Work task. Wherever pictures occur in the entries below, leave them out and retype the rest exactly.

Information shown.
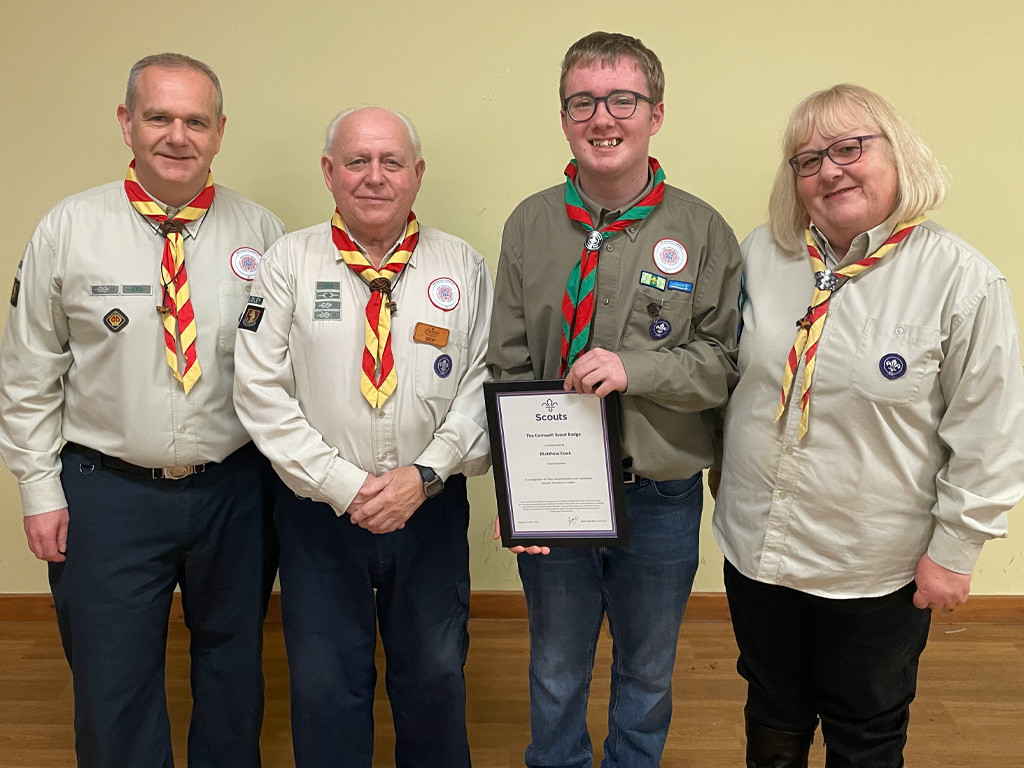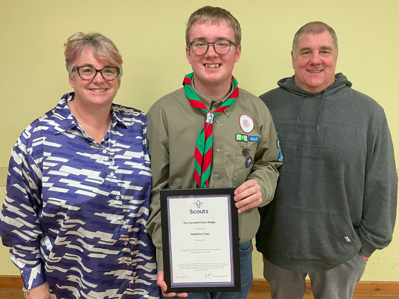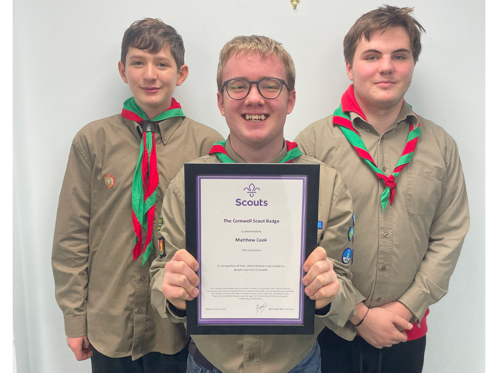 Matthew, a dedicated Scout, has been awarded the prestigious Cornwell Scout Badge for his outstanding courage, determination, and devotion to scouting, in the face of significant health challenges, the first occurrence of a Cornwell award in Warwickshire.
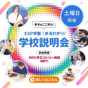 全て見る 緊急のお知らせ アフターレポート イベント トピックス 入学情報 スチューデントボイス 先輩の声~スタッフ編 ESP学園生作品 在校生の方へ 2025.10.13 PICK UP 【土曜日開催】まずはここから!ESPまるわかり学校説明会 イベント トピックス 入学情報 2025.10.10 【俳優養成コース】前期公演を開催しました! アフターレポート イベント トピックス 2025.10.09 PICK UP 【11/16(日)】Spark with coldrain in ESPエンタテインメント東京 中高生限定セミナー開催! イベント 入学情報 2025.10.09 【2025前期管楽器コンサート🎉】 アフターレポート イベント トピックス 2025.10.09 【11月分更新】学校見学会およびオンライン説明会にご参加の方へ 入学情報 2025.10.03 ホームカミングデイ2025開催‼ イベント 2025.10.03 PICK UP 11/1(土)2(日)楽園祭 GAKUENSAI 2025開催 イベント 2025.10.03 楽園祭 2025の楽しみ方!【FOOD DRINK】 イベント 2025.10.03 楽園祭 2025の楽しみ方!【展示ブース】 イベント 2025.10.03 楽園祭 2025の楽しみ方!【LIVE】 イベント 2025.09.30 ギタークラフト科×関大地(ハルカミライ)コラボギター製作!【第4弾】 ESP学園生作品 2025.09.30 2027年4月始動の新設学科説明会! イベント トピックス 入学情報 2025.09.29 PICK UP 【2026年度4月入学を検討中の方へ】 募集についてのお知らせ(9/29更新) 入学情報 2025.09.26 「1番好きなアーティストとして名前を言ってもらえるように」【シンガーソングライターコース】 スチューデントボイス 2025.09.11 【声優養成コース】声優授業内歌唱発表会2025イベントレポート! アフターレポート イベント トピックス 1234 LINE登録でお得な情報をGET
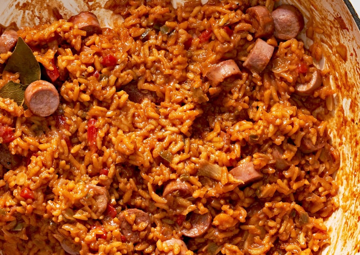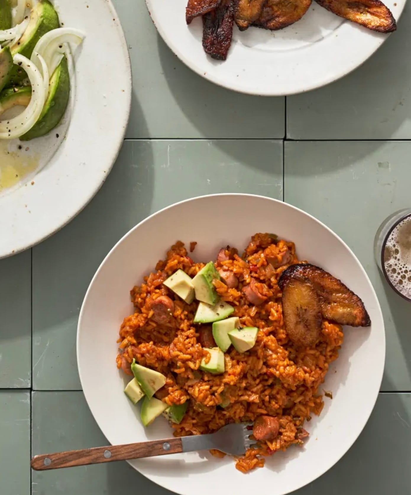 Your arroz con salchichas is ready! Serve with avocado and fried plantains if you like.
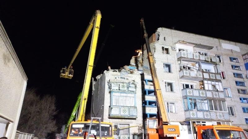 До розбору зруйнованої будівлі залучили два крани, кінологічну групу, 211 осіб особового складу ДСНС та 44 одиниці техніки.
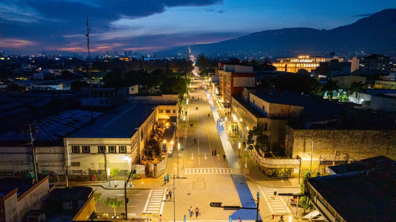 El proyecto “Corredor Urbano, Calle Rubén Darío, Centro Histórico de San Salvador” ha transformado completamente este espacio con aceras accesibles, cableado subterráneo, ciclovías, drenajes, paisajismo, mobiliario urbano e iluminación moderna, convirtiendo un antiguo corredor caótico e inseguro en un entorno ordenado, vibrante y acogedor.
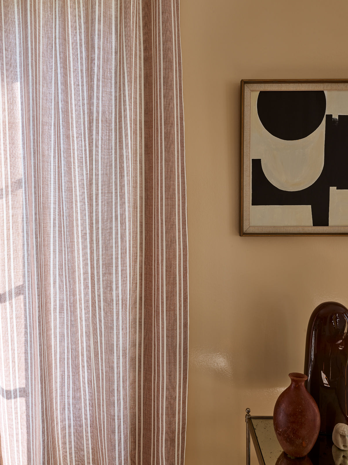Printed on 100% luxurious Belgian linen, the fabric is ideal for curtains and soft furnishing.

Answer space.
 Matthew, a dedicated Scout, has been awarded the prestigious Cornwell Scout Badge for his outstanding courage, determination, and devotion to scouting, in the face of significant health challenges, the first occurrence of a Cornwell award in Warwickshire.
 全て見る 緊急のお知らせ アフターレポート イベント トピックス 入学情報 スチューデントボイス 先輩の声~スタッフ編 ESP学園生作品 在校生の方へ 2025.10.13 PICK UP 【土曜日開催】まずはここから!ESPまるわかり学校説明会 イベント トピックス 入学情報 2025.10.10 【俳優養成コース】前期公演を開催しました! アフターレポート イベント トピックス 2025.10.09 PICK UP 【11/16(日)】Spark with coldrain in ESPエンタテインメント東京 中高生限定セミナー開催! イベント 入学情報 2025.10.09 【2025前期管楽器コンサート🎉】 アフターレポート イベント トピックス 2025.10.09 【11月分更新】学校見学会およびオンライン説明会にご参加の方へ 入学情報 2025.10.03 ホームカミングデイ2025開催‼ イベント 2025.10.03 PICK UP 11/1(土)2(日)楽園祭 GAKUENSAI 2025開催 イベント 2025.10.03 楽園祭 2025の楽しみ方!【FOOD DRINK】 イベント 2025.10.03 楽園祭 2025の楽しみ方!【展示ブース】 イベント 2025.10.03 楽園祭 2025の楽しみ方!【LIVE】 イベント 2025.09.30 ギタークラフト科×関大地(ハルカミライ)コラボギター製作!【第4弾】 ESP学園生作品 2025.09.30 2027年4月始動の新設学科説明会! イベント トピックス 入学情報 2025.09.29 PICK UP 【2026年度4月入学を検討中の方へ】 募集についてのお知らせ(9/29更新) 入学情報 2025.09.26 「1番好きなアーティストとして名前を言ってもらえるように」【シンガーソングライターコース】 スチューデントボイス 2025.09.11 【声優養成コース】声優授業内歌唱発表会2025イベントレポート! アフターレポート イベント トピックス 1234 LINE登録でお得な情報をGET
 Your arroz con salchichas is ready! Serve with avocado and fried plantains if you like.
 До розбору зруйнованої будівлі залучили два крани, кінологічну групу, 211 осіб особового складу ДСНС та 44 одиниці техніки.
 El proyecto “Corredor Urbano, Calle Rubén Darío, Centro Histórico de San Salvador” ha transformado completamente este espacio con aceras accesibles, cableado subterráneo, ciclovías, drenajes, paisajismo, mobiliario urbano e iluminación moderna, convirtiendo un antiguo corredor caótico e inseguro en un entorno ordenado, vibrante y acogedor.
Printed on 100% luxurious Belgian linen, the fabric is ideal for curtains and soft furnishing.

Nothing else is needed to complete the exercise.